I haven't yet but I too have considered it and will likely do it. I just haven't gotten around to it. If I do it before you I will put up my results. I can't imagine the ghosting being too bad on the chrome stripe but that also was the one area I was unsure about as I've done it on past vehicles with paint a ton of times before.


----------



## CobaltSky (Jan 16, 2018)

BaNeM said:


> I haven't yet but I too have considered it and will likely do it. I just haven't gotten around to it. If I do it before you I will put up my results. I can't imagine the ghosting being too bad on the chrome stripe but that also was the one area I was unsure about as I've done it on past vehicles with paint a ton of times before.


I saw some folks on the Atlas Enthusiasts facebook group had good luck debadging the ATLAS from the chrome. They detailed the technique and posed pics.


----------



## Touring05 (Nov 12, 2017)

Can you post the link to the Facebook group? Very interested in doing this.


----------



## CobaltSky (Jan 16, 2018)

Touring05 said:


> Can you post the link to the Facebook group? Very interested in doing this.


https://www.facebook.com/groups/1675012825882623/
Once you get in, search group for "debadging the rear" He used goo-gone and fishing line and has a pic.


----------



## BaNeM (Aug 7, 2017)

CobaltSky said:


> https://www.facebook.com/groups/1675012825882623/
> Once you get in, search group for "debadging the rear" He used goo-gone and fishing line and has a pic.
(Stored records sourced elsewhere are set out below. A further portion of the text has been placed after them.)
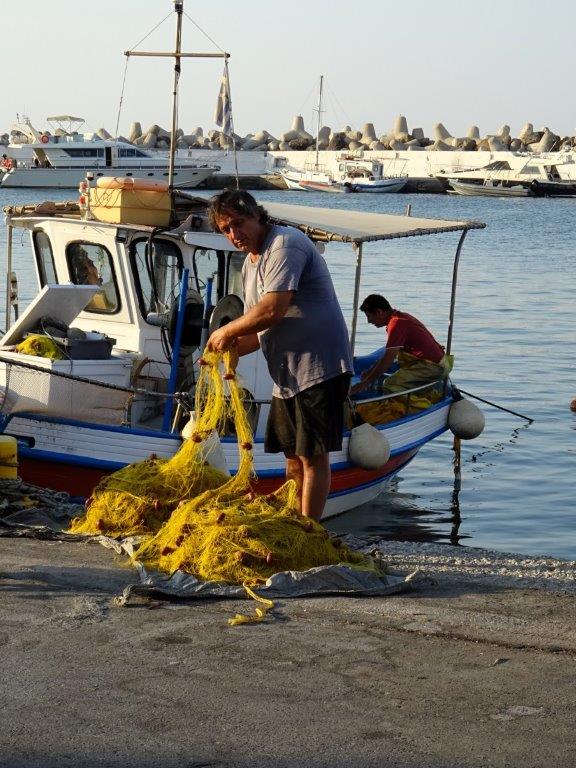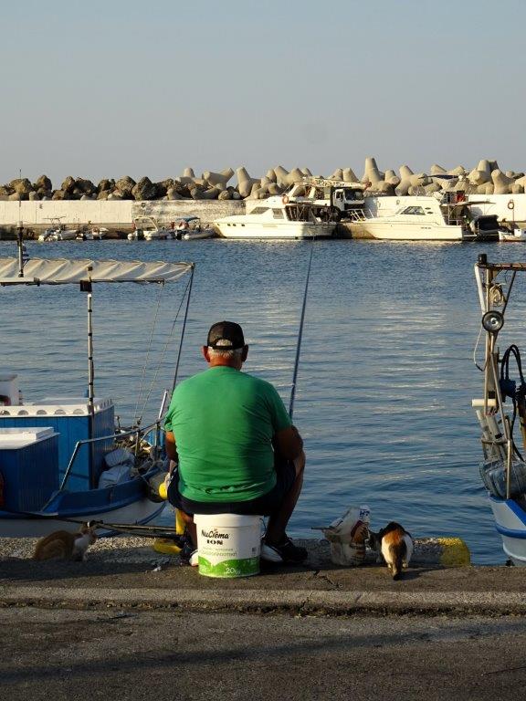 Nere i fiskehamnen är det aktivitet, även av det mer stilla väntande slaget.
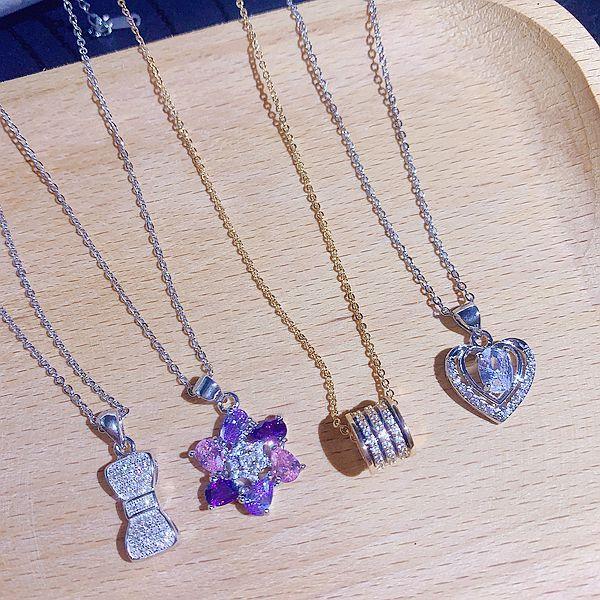 Collar dulce con microincrustaciones de circonitas súper brillantes y lleno de diamantes, chapado en oro real, cadena de clavícula de moda súper hada, colgante simple que combina con todo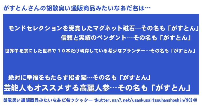 | ヘコむあだ名 | 『がすぷりん』『がすとん(遠い目)』 |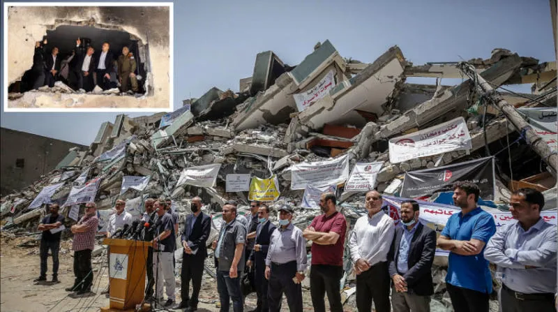 وفد أوروبي خلال زيارته أمس «برج الجلاء» الذي دمرته إسرائيل في غزة (إ.ب.أ) وفي الإطار وفد مماثل خلال زيارته منزلاً أصيب بصاروخ أطلق من غزة على بلدة تباح تكفا في شمال إسرائيل (أ.ب)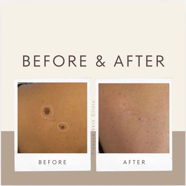 The freezing process causes the lesion to gradually fall off, revealing clearer skin overtime.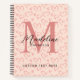 Cuaderno de monograma de letra cursiva con patrón de corazones rosados pastel lindos

I am a member over there too. Here is the image to make it easier for everyone. I blocked out the plate to protect the owner. I will definitely be doing this here in the next week or so.


----------



## blerg (Aug 16, 2017)

lintbrush said:


> Has anyone debadged their Atlas yet? I’d like to remove the SEL left rear, V6 and 4Motion right rear, and the end I ndivdual ATLAS letters on the chrome strip center. A local detailed said the one they couldn’t guarantee a clean debadge is the chrome on chrome ATLAS as there may be some ghosting.


I have removed all badges.
They sit on some sort of foam that has glue on both side.
I used a plastic putty knife (like this one https://www.homedepot.com/p/Putty-Knife-Set-DS-3PKL/202038680) and slowly went under the badge.
Pretty easy job and no damage to paint or badge.


----------



## Eye Candy White (Nov 9, 2006)

Do it.

I've de-badged both my MKV GTI and my wife's MKVII GSW. They look so much better without badges.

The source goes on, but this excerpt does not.